Then came his masterpiece. The concrete house. He figured out how to pour a house: A system of interlocking molds that snapped together like an erector set. Then came the derricks and cranes that moved from plot to plot. And of course the concrete — 123 yards for every house. That’s like 12 mixer trucks full of concrete. Except of course back then they used mules to drag it all up the hill.
They poured the basement in a day. Then let it cure for three. Then they poured the first floor. And three days later the second. Twelve days total to pour a house.
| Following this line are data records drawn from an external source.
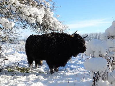 SNEEK- Soms zijn de omstandigheden echt perfect. Dat gevoel wist Ype van der Werf prachtig te vangen in het Rasterhoffpark. In een sprookjesachtig winters decor stond daar een imposante Schotse hooglander, een stier, bijna geduldig model voor de camera.
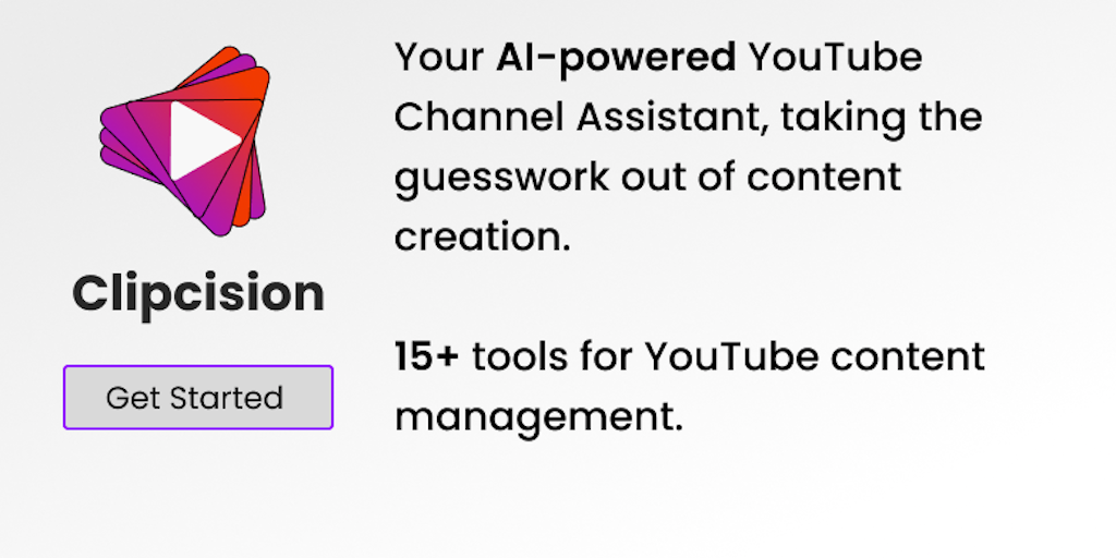 Growing on YouTube is hard, but it doesn't always have to be. Clipcision helps creators with content ideation & management, giving them tools that saves time & produces quality results. Expand your au
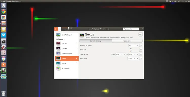 例如,Nexus主题中 (上图所示) 你可以更改脉冲粒子的数量,颜色,大小和出现频率。
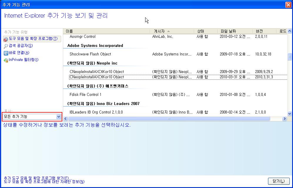 2. 목록 중에서 CNeopleInstallAXCtlKor10 Object를 제거 합니다.(해당 이름이 여러 개 있을 경우 모두 제거해 주시기 바랍니다.)
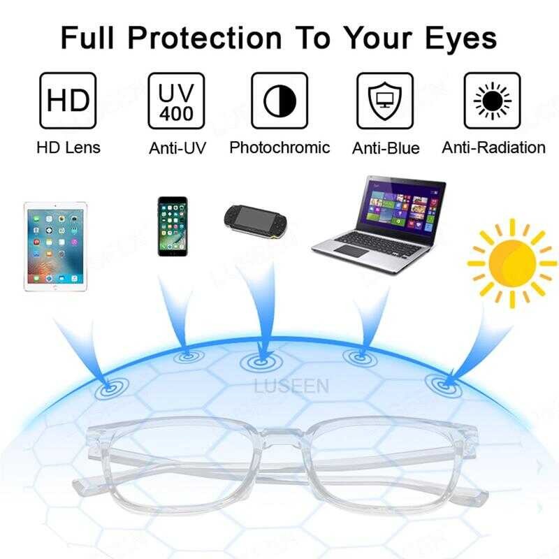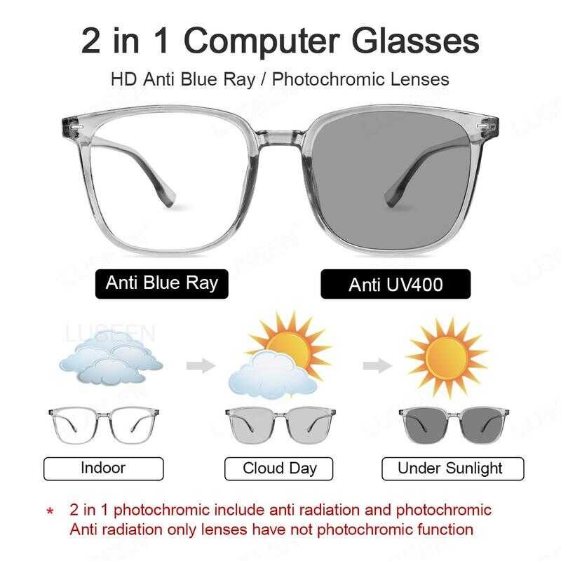 LUSEEN Ag2279 Black Frame Glasses Photochromic And Anti Radiation Square Full Rim Y2k Retro Eyeglass

There were eight models — all variations on a theme. And they were state of the art. The electrical box was factored into the pour. The phone board, the ductwork for forced air heating… These houses were wired for lighting. They even had indoor laundry hookups. There was a built-in pencil sharpener in every basement.
The Donora mill commissioned a whole neighborhood of these things. For company housing. They planted a sycamore tree in front of every one.
[ALEX]: Doesn’t matter if the water (inaudible)...
[INSPECTOR]: (interrupting) Water doesn’t matter. You’re not gonna have problems with water intrusion.
[JML]: (interrupting) That’s great!
[INSPECTOR]: There are lots of good things about a concrete house.
[NARRATION]: I’ve done home inspections before — and I actually kind of like them. But nothing compared to Alex.
[ALEX]: So this was all part of the original pour!
[NARRATION]: He’s into this. So is the inspector.
[INSPECTOR]: This is your main bearing wall…
[NARRATION]: They’re kind of geeking out, walking around and conjuring up all of the terrible things that could happen, but that probably won’t happen, because, hey, we’ve got a concrete house right here.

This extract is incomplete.